* _Assignment_
The lines from the top of the material below through the line containing "Prepare your face" are to be printed exactly, with pictures omitted.

* _Input data_
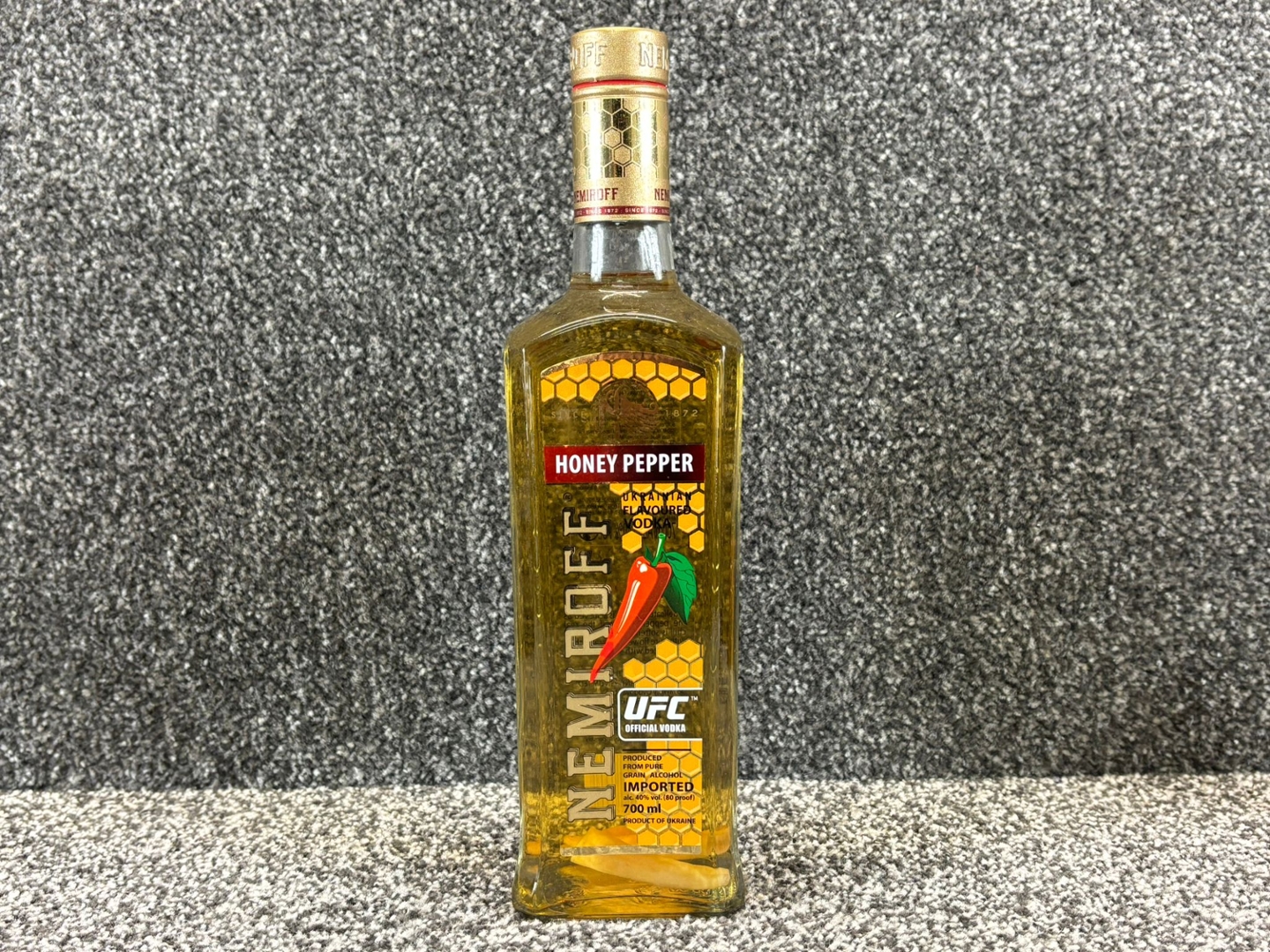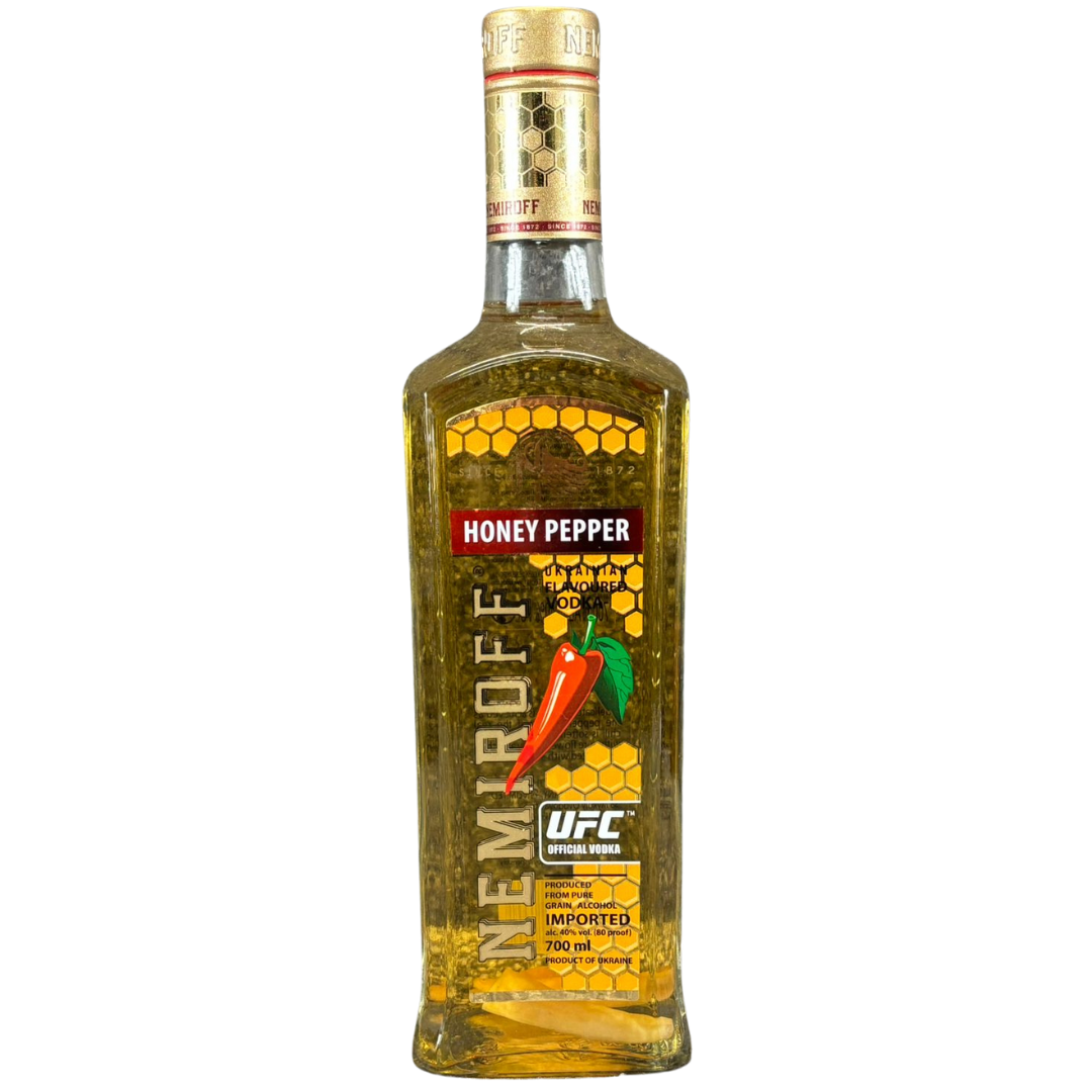 A 700ml bottle of Nemiroff Honey Pepper Ukrainian Flavoured Vodka brings together sweetness, spice and tradition in one striking presentation. The golden liquid reflects its unique infusion of natural honey and fiery red pepper, a combination deeply rooted in Ukrainian distilling heritage. The bold label design and hexagonal honeycomb pattern highlight its character, while the UFC Official Vodka branding adds a modern, energetic touch.
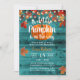 Little Pumpkin Rustic Autumn Leaves Teal Barn Wood Baby Shower Invitations.
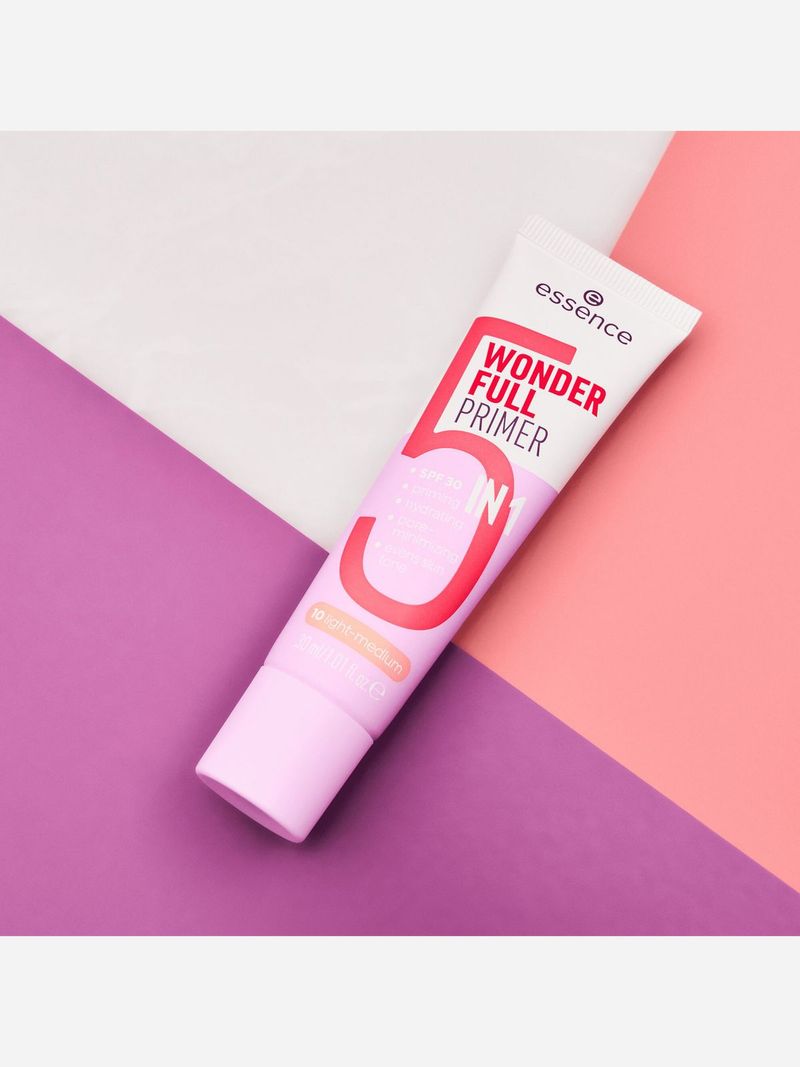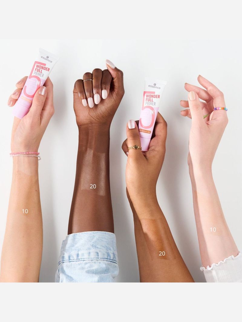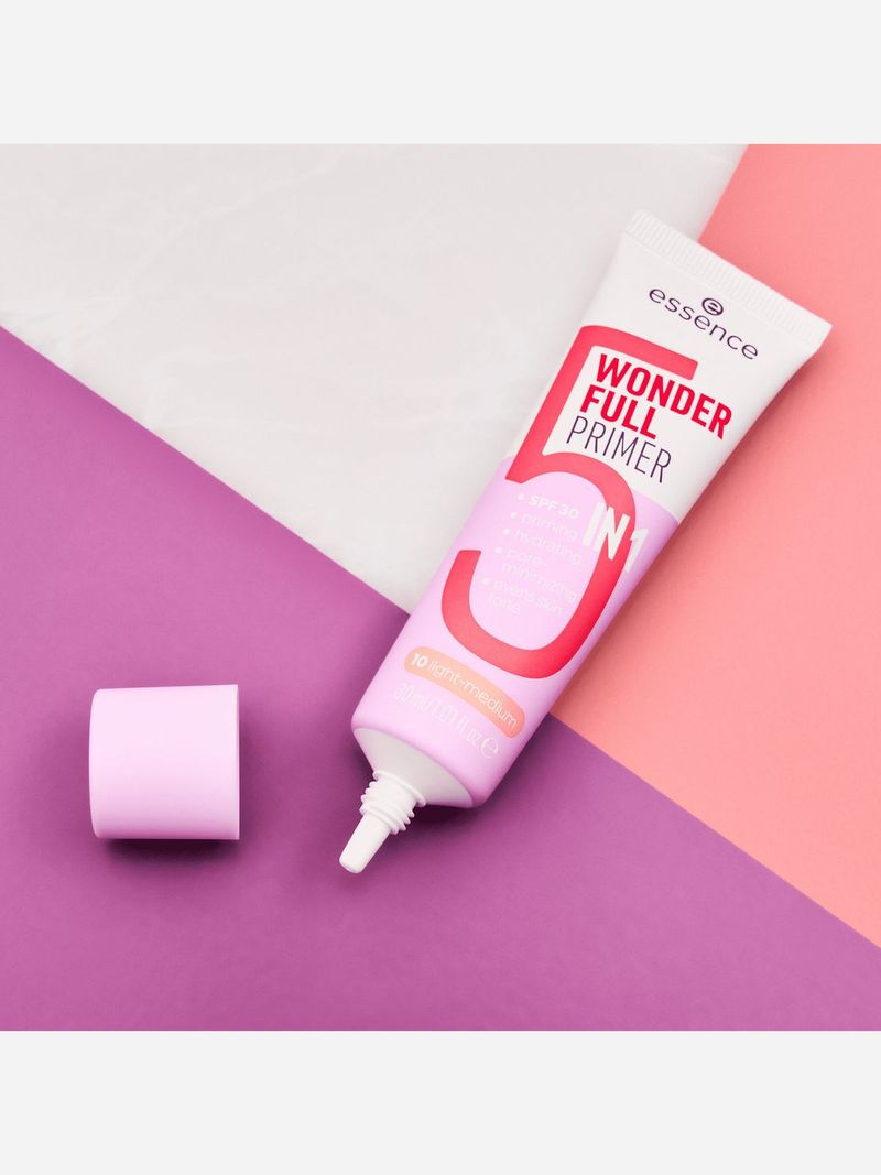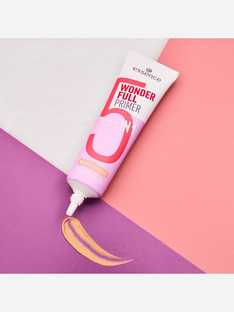 Prepare your face for your favourite make-up look with the essence WONDER FULL PRIMER 5 IN 1 20 medium-dark. The primer comes in a sheer brown shade and is ideal for medium to darker skin tones. The primer also gives your skin a healthy look and has SPF 30 to protect it. The smooth texture will help reduce any imperfections and leave your face with a matte airbrushed look. All pores and fine lines seemingly disappear, giving you the perfect base for any make-up look.
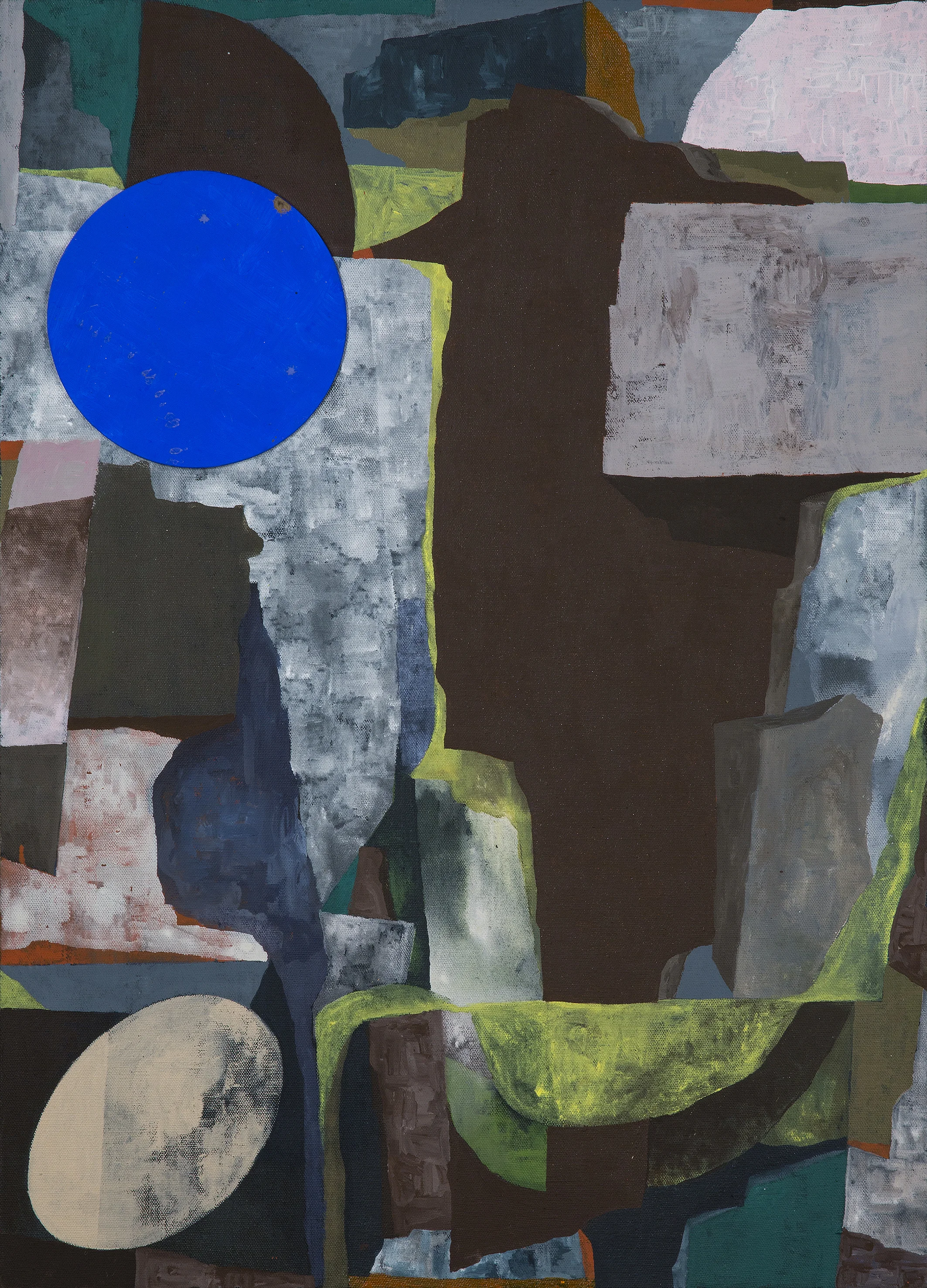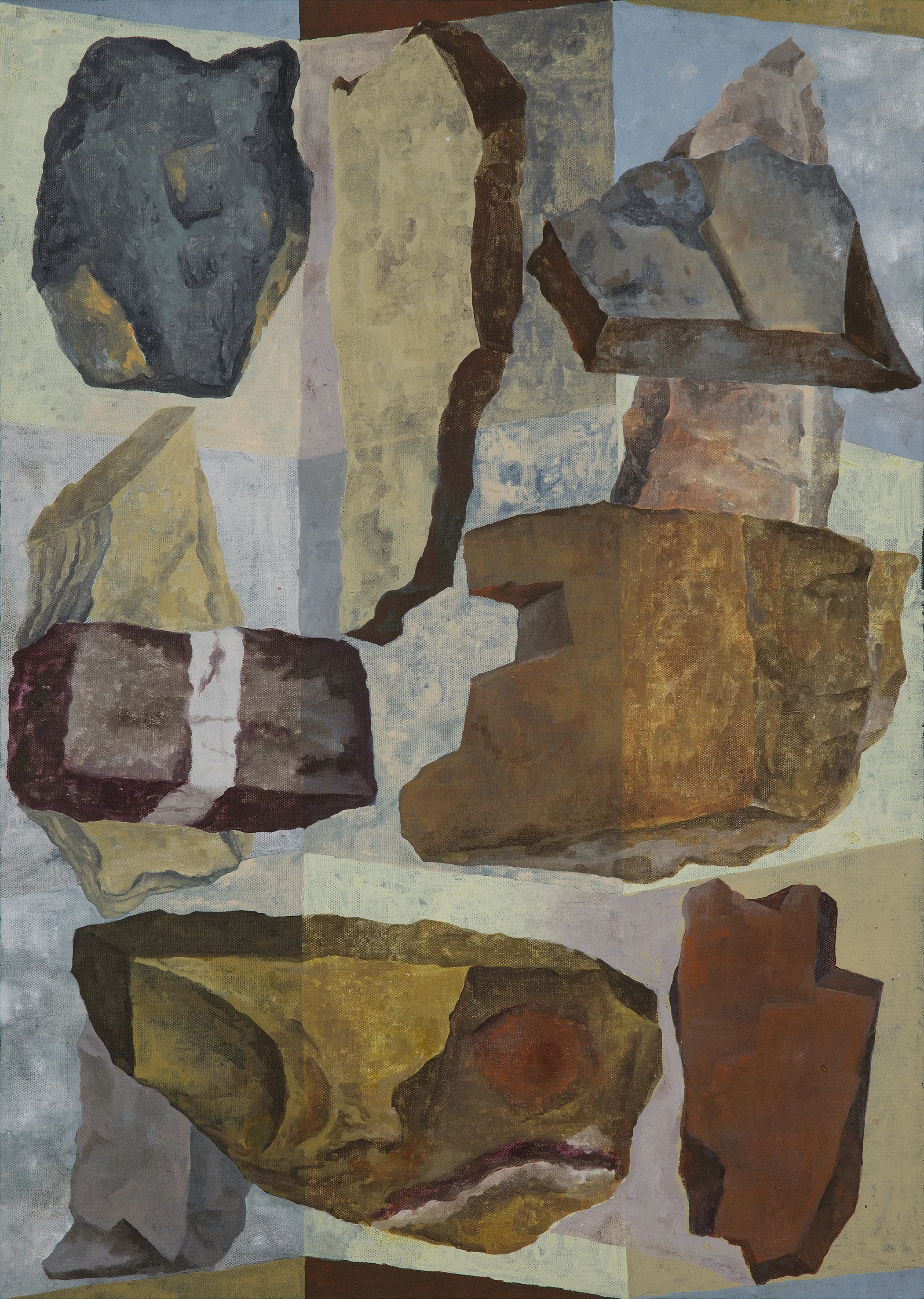 Recently I have found myself enjoying the experience of considering paint as a kind of mineral matter: of colour as a gritty and particular substance. And I enjoy the way rocks form and cleave with planar geometry and yet erode and crumble in ways more organic. Each is irregular and unique and is shaped by a specific series of events in the world.

* _Reply to the exercise_
 A 700ml bottle of Nemiroff Honey Pepper Ukrainian Flavoured Vodka brings together sweetness, spice and tradition in one striking presentation. The golden liquid reflects its unique infusion of natural honey and fiery red pepper, a combination deeply rooted in Ukrainian distilling heritage. The bold label design and hexagonal honeycomb pattern highlight its character, while the UFC Official Vodka branding adds a modern, energetic touch.
 Little Pumpkin Rustic Autumn Leaves Teal Barn Wood Baby Shower Invitations.
 Prepare your face for your favourite make-up look with the essence WONDER FULL PRIMER 5 IN 1 20 medium-dark. The primer comes in a sheer brown shade and is ideal for medium to darker skin tones. The primer also gives your skin a healthy look and has SPF 30 to protect it. The smooth texture will help reduce any imperfections and leave your face with a matte airbrushed look. All pores and fine lines seemingly disappear, giving you the perfect base for any make-up look.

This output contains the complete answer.